Humans are not counted among wildlife, although anthropogenic processes certainly impact the life forms that are. Prior to the Neolithic Revolution, all human beings relied on undomesticated plants and animals for survival. Thus, for most of human history, all plants and animals would have been considered “wild” by today's standards. With the advent of agriculture, many species of “wild” plants and animals were domesticated. Over time and through human selection, plants and animals of today's farmlands and pet shops have become quite different from their ancestors. This contrast between domesticated species and their increasingly distant relatives contributed to the creation of the word wildlife.

More recently, interest in wildlife and wildlife conservation has increased because many species of wildlife have been driven to extinction or near-extinction due to rapid human growth rates and their concomitant ecological pressures. Non-human species have suffered habitat loss and other threats due to agricultural and urban expansion, deforestation, desertification, pollution, and the introduction of exotic species, also called biopollution.

Wildlife Conservation

Wildlife conservation describes various practices to regulate certain species to guarantee their abilities to reproduce and remain plentiful. Conservation goals may be based on ideals of wildlife's intrinsic value, wildlife's utility in providing goods and services, or some combination thereof.
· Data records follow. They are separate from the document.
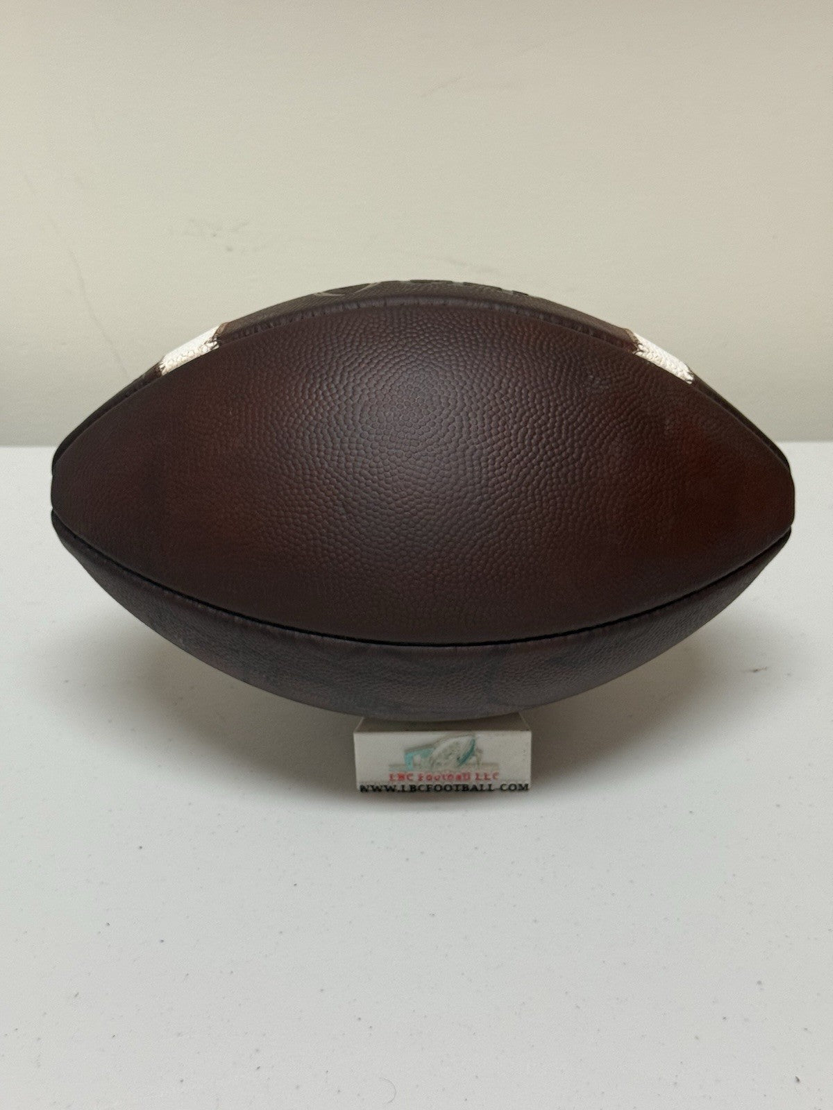 This particular ND football just went through a weeklong Game Prep process which has taken this brand-new ball through various steps that include brushing, mudding, conditioning, brushing and more brushing...the end result being a darker and softer paneled football that's perfect for display or usage.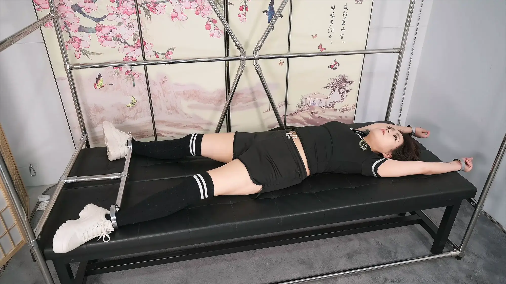 笑疯了笑疯了,全身都是痒痒肉的雪碧这回不知怎么痒筋被挑起来了,为了给她止痒,在她大腿上狠狠咬了两口,送她两块牙印表,这都止不住,甚至把手拿出来做个动作都得嗷嗷大笑,那就别怪我无情了,给她上个全身TK套餐,连脚趾缝和肚脐眼都给她挠挠。话说雪碧穿着这身运动装加上长棉袜和运动鞋,扎起头发来显得很有劲道,绝对领域也凸显了出来,本导当然要好好关照一下这个区域,另外腋窝、乳沟、鼻子、耳朵也趁着她今天这么Happy好好探索探索,肚脐和脚趾缝也都不能放过,搭配上声音更是全方位视听享受,她的呻吟声,平常听不到的嚎叫都有了,经过折腾,扎起来的头发也散了,却捕捉到了她绝美的瞬间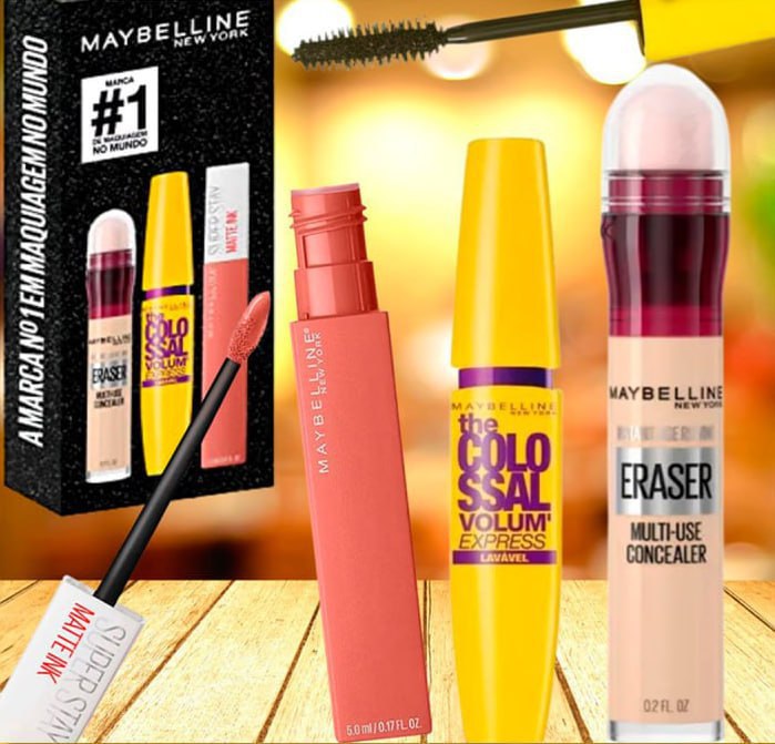 Kit Queridinhos Maybelline NY Batom Líquido Matte ink 65 Seductress + Máscara de Cílios Colossal Lavável + Corretivo Eraser 120 Light

Wildlife has featured prominently in worldviews, or life-ways, since time immemorial. The majority of the world's religions—including major faiths such as Buddhism, Hinduism, Jainism, and Islam, as well as thousands of small-scale, so-called indigenous religions—support spiritual interrelationships among all living beings. An ethic of stewardship obligates many religious practitioners to care for other species, as conveyed through stories, customary laws, rituals, and religious figures. Examples include portrayals of Noah's Ark replete with breeding pairs of all of the world's animals (Book of Genesis, chapters 6–9; also featured in the Torah and the Koran); the Seventh Generation precept of the Haudenosaunee (Six Nations Iroquois Confederacy), which requires that chiefs consider the impacts their decisions will have on the seventh subsequent generation of living beings; the Tsembaga ritual of kaiko, described in Roy Rappaport's Pigs for the Ancestors, as a homeostatic process, regulating ecological relationships; and the Roman Catholic St. Francis of Assisi, patron saint of animals and environment.